Олег догнал его, молча потрепал по плечу и пошёл рядом.
— Не сдавайся, Атос, — заговорил он несколько минут спустя. — Сейчас, можно сказать, каждый человек на счету. Они на нас смотрят. Пристально смотрят. Если не выдержим — нас сомнут. А если выдержим — они подстроятся под нас. Понимаешь, старик… ведь всё, что у них было всегда , разрушено. Вся их вселенная исчезла. У них просто нет почвы под ногами. У них нет — самих себя. А вот если мы себя сохраним… Понимаешь, да? Пойдём…
И они прибавили шагу.
Поравнявшись с братьями, Атос заговорил:
— Если бы у них была партия — вообще не о чем спорить. Революция бы — и всё, и даже несчастный случай ей эти буржуи побоялись бы устроить. Но партию они создать не успели. А буржуи быстренько сговорились с королём и сдали её втихаря. Времени Жанне не хватило, вот в чём проблема. И ещё марксизма.

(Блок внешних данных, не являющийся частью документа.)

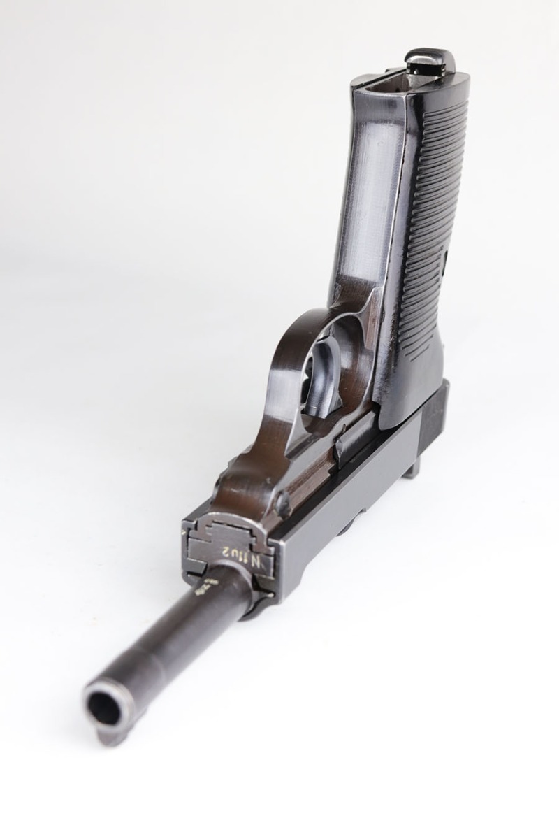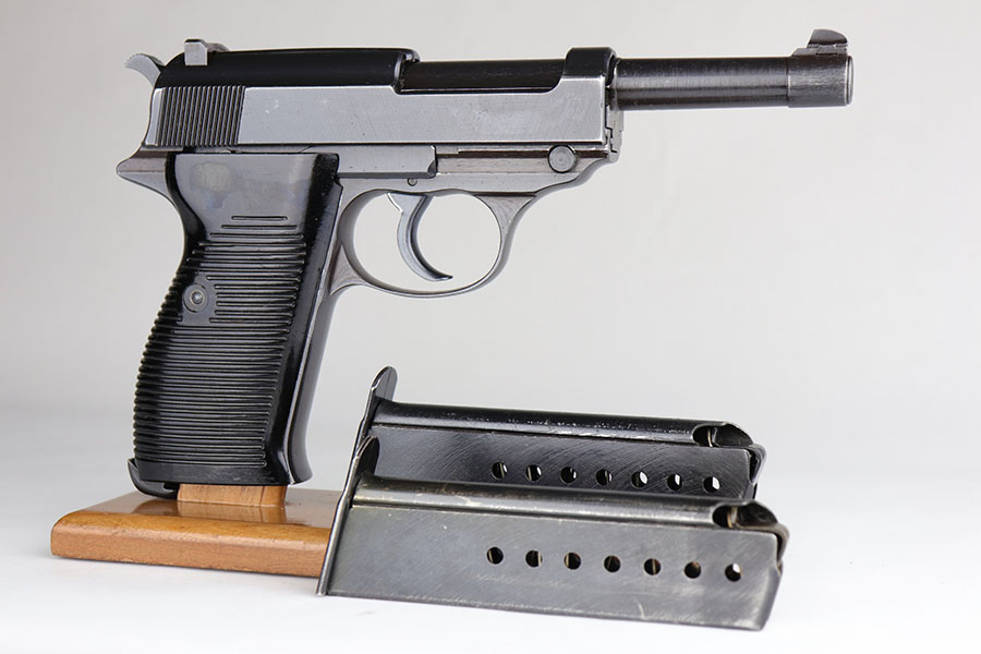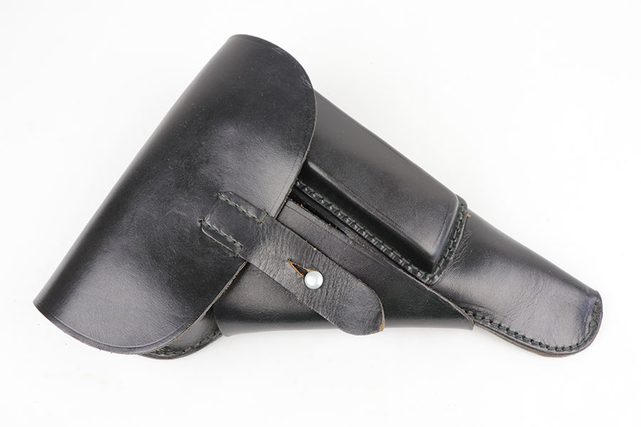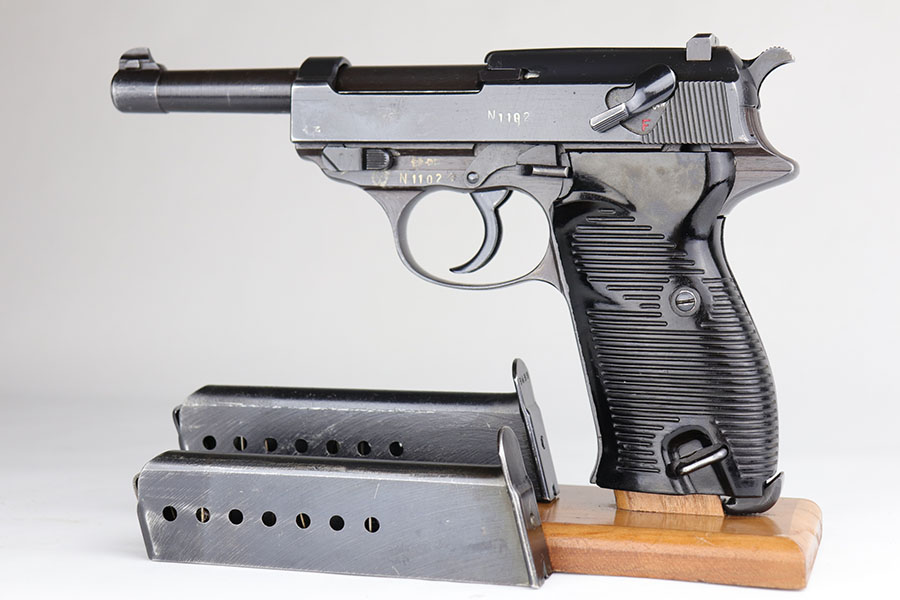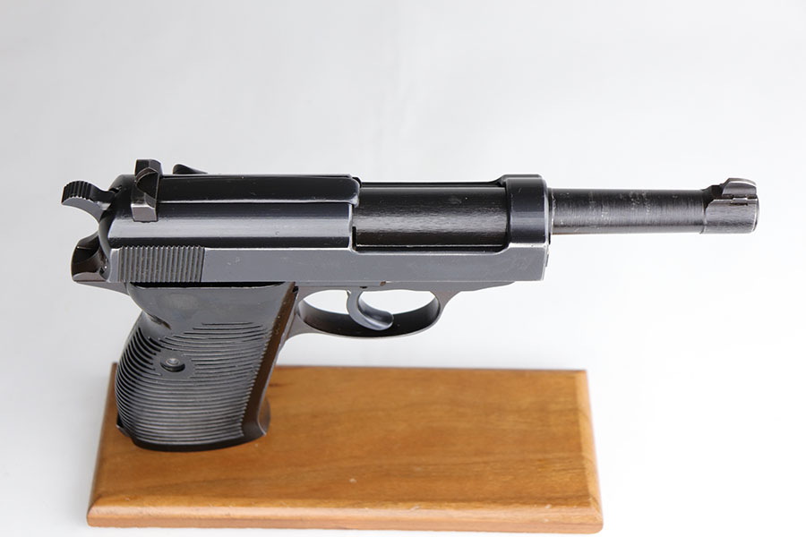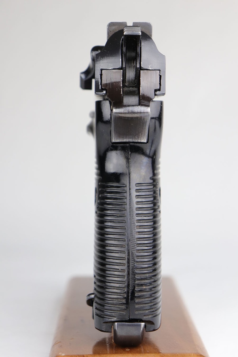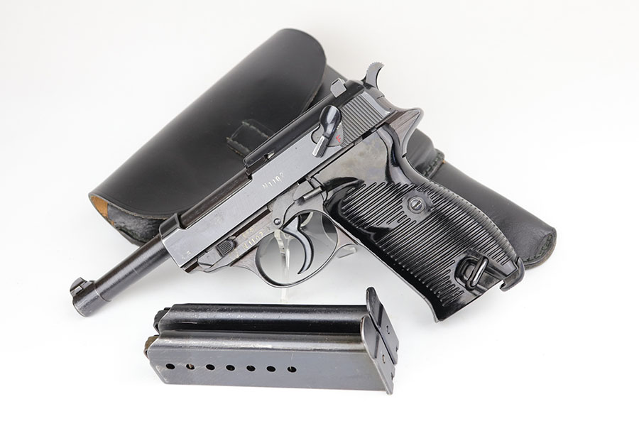 4/29/20 – This is a very unusual and rare P.38, made by the East Germans at the Ernst Thalmann Werk in Suhl. There was a very short run of P.38s, Lugers and PPs made in 1953, of around one hundred pistols each. It is speculated that this was a tool-up trial for full production until the Soviets put an end to it. Regardless, based on the serial numbers known there were only 121 of these P.38’s made. There are a number of subtle and not-so-subtle differences from the Walther-produced war-era pistols. One of the most obvious differences is the lack of a P.38 stamping on the slide. Warren Buxton describes these pistols in detail in Volume III of his 3-volume P38 book. Aside from the unique characteristics that set this variation apart from all other P.38’s, the serial number is prefaced with an “N” and falls in a range from N1000 to N1120. It appears that the East Germans manufactured all the parts new with the exception of the barrel, which was made by Ceska Zbrojovka aka CZ (WW2 code “fnh”) using WW2 tooling, and possibly the locking block. Where the lock block type is known, they appear to be re-used/re-numbered WW2 lock blocks. This pistol (N1102) has a completely blank block which was probably a parts-bin leftover from WW2.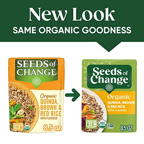 Six 8.5 OZ pouches of SEEDS OF CHANGE Organic Quinoa, Brown & Red Rice with Flaxseed Nutritious organic food with flavorful, plant-based ingredients that is easy to prepare any day of the week Features brown and red rice combined with black quinoa and brown flaxseed, creating a delicious blend of aromas and flavors Tasty rice blend takes 90 seconds to prepare in a microwave or on a stovetop with little to no cleanup Enjoy organic rice as part of different recipes like bowls and stir-fries or as a tasty side dish| Brand | Visit the SEEDS OF CHANGE Store |

Олег глубоко вздохнул. Вовочка фыркнул:
— Нужен ей был твой марксизм, как цапле гульфик. Она на религиозной почве сдвинутая была, хуже моей бабки. Может, ей там дух Маркса и являлся, да она его за другого бородатого мужика приняла.
— Это за какого же? — встопорщил ухо Арамис.

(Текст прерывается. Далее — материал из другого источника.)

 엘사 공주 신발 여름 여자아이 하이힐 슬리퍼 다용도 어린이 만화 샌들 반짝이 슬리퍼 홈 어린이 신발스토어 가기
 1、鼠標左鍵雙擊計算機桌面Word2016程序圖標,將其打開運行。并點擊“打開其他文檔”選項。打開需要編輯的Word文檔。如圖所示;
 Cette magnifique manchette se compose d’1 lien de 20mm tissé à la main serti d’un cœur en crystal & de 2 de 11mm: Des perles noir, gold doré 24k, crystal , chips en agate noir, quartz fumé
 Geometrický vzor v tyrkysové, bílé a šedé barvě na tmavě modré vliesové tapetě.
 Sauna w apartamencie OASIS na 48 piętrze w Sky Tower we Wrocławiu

— За бога Саваофа, он же Яхве, он же Иегова, он же… В общем, имя им легион. И все бородатые.
— Отошли от темы, — сказал Олег. — Всё же: чем характеризуется завершающий период Столетней войны? Володя. Только не говори мне, что теперь побеждали французы…
— Ну, вообще-то французы там уже не столько побеждали, сколько договаривались. И когда англичане поняли, что ловить больше нечего, они отторговали себе пару портов и слиняли на свои острова. А ловить стало нечего потому, что до французов дошло наконец, что они французы, что у них свой король… Что им тут жить. А потом у них долго-долго ничего интересного не было, пока не появились мушкетёры.
— Что, и Генриха Четвёртого не было? И Варфоломеевской ночи?
— Да были, наверное, — с досадой сказал Вовочка. — А толку?
— Так! Спроси деда, помнит ли он «Королеву Марго». И если помнит, пусть начинает писать. Я чувствую, у нас концептуальный провал…
* * *
До места привала, то есть до фермы Дворжака, дошли даже чуть быстрее, чем рассчитывали — так где-то минут за десять до ливня. А может, это ливень чуть запоздал; впрочем, такого, наверное, не бывает…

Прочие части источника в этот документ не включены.